Śnięte ryby w Odrze i Kanale Gliwickim. Przyczyną jest wirus

Ponad 2 tony śniętych ryb wyłowiono z Kanału Gliwickiego i dwóch odcinków Odry. Próbki trafiły do Państwowego Instytutu Weterynaryjnego w Puławach.
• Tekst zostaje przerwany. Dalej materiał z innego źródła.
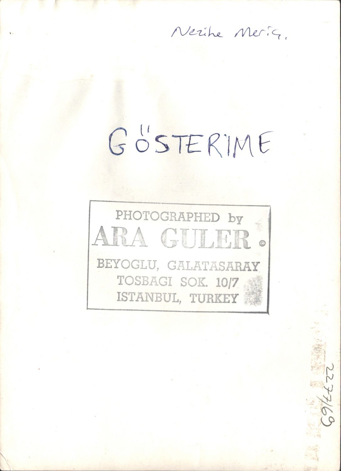 Ara Güler´in objektifinden Nezihe Meriç, arka yüzü "Photographed by Ara Guler" kaşeli, 17x24 cm
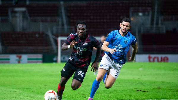 นาทีที่ 17 บาสเซล จราดี้ หมุนหลบผู้เล่น สมุทรปราการ แบบสุดสวย ก่อนที่จะลองยิงไกล บอลหลุดเสาแรกออกไป
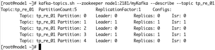 [root@node1 ~]# kafka-topics.sh --zookeeper node1:2181/myKafka --create --topic tp_re_01 --partitions 5 --replication-factor 1
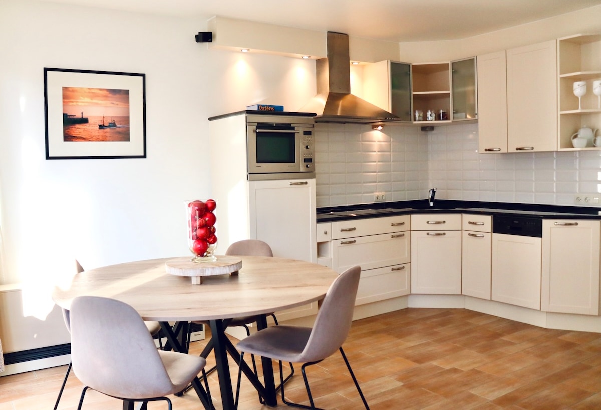 The Escapade will bring you an instant "at home" feeling. Comfort and luxury in full city center, near the station, fishing port and marina. Gastronomy, culture and fresh sea air are within walking distance.The beach can be reached within 10 min. Going from here on city trip to Bruges, Ghent or Brussels is no problem, the railway station is only 5 min walking. You will find many extras and small details that will make your stay even more pleasant.
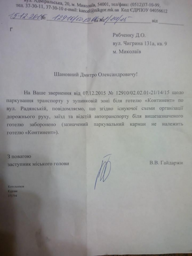 Заместитель городского головы Николаева Валентин Гайдаржи в ответе на информационный запрос общественного активиста Дмитрия Рябченко указал, что парковка возле гостиницы «Континент» является незаконной.
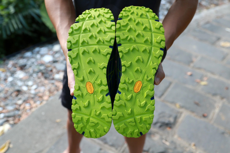Vibram 大底在沙質地、碎石路、泥濘地、草地和濕滑的岩石上皆表現出優秀的抓地力,於平時練跑或比賽中,都可將自己很安心地託付給它。
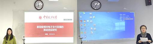 2020级政治经济学硕士研究生贾丽璇汇报的题目是《新冠疫情对电子支付发展的推动效应研究》。她从研究背景、文献综述、疫情后的发展、原因剖析四方面展开论述,认为中国成为新冠疫情下唯一一个经济正向增长的主要经济体,国家的迅速反应、医疗技术水平、电子支付水平的提升使得中国经济平稳运行。
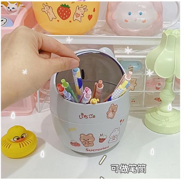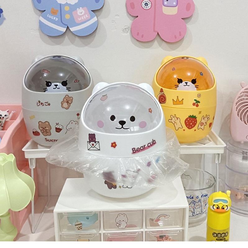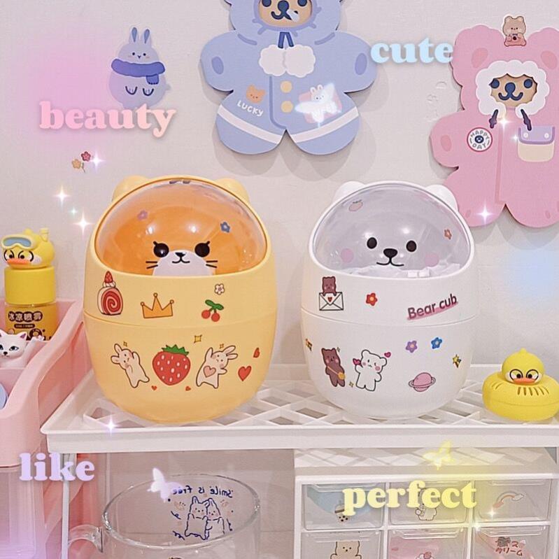 Thùng rác mini , hộp đựng bút để bàn hình gấu có nắp dễ thương dùng decor bàn học
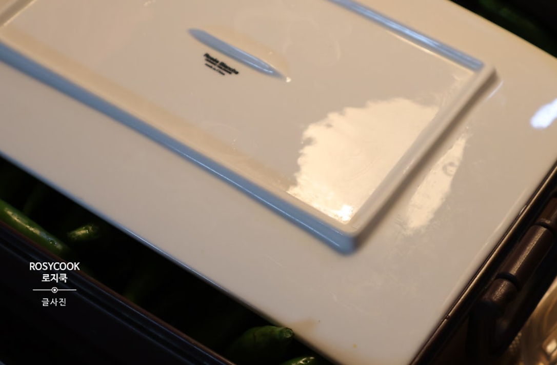10. 위쪽 부분도 잘 담기도록 그릇으로 눌러준 후, 뚜껑을 덮어줍니다.
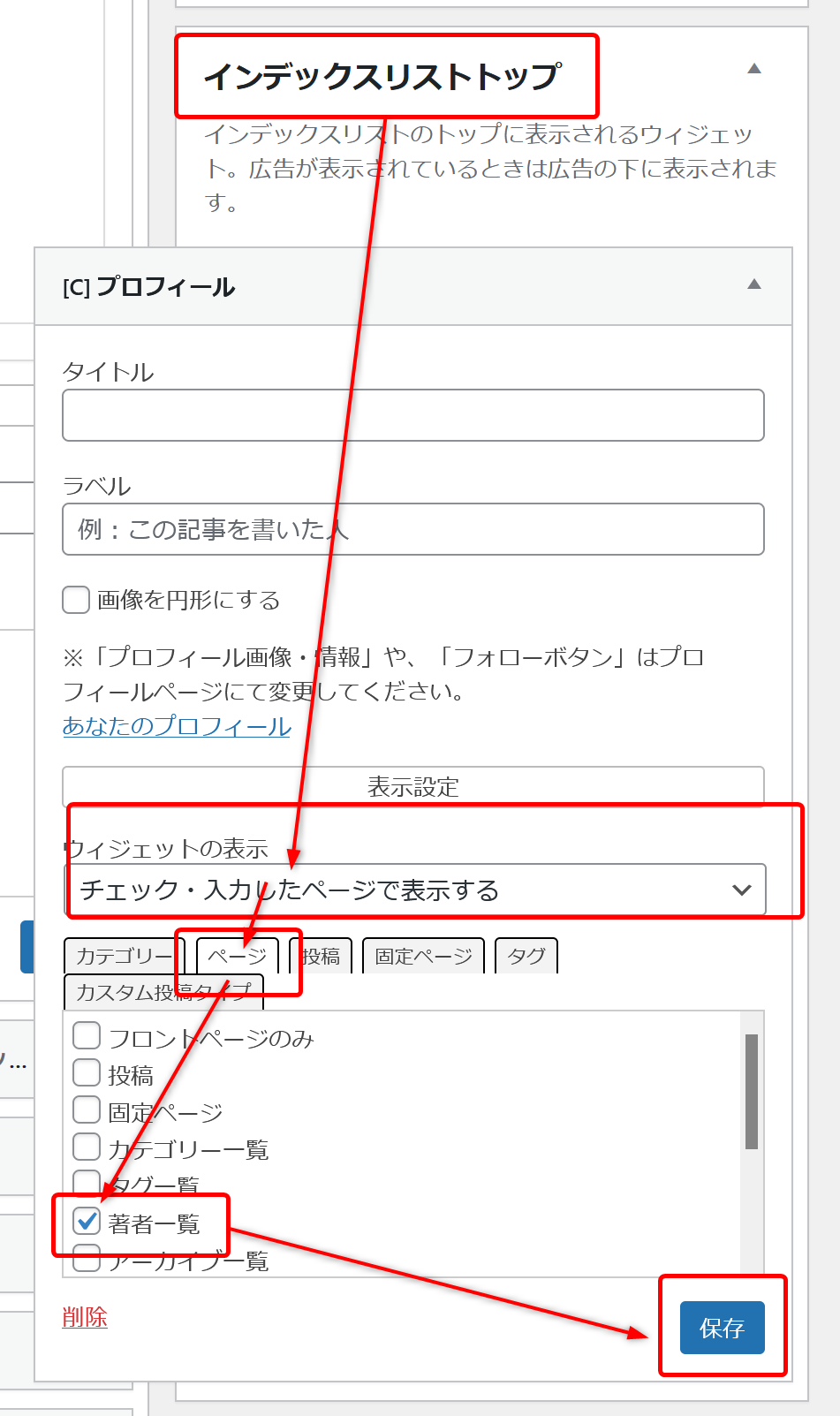 こういったページのことでしたら、ウィジェット設定画面から「インデックスリストトップ」エリアに「プロフィール」ウィジェットを入れて、「ウィジェットの表示」で「チェック・の入力したページで表示する」を選択して「ページタブ」を選択後、「著者一覧」にチェックを入れて「保存」ボタンを押せばできるかと思います。

Urzędnicy apelują do wędkarzy o ostrożność, dezynfekcję sprzętu oraz odzieży.

Śnięte ryby zauważono w Odrze i Kanale Gliwickim,Śnięte ryby zauważono w Odrze i Kanale Gliwickim,
Źródło zdjęć: © Facebook | TVP3 Opole
Wojciech Surowiec

Co zabiło ryby?

Śnięte ryby w Kanale Gliwickim zauważono 8 kwietnia. 6 dni później pływające brzuchem do góry zwierzęta pojawiły się w Odrze, na odcinku — jak informują Wody Polskie — od stopnia wodnego Koźle (woj. opolskie) do stopnia wodnego Januszkowice oraz od stopnia wodnego Januszkowice do stopnia wodnego Krępa (również w woj. opolskim).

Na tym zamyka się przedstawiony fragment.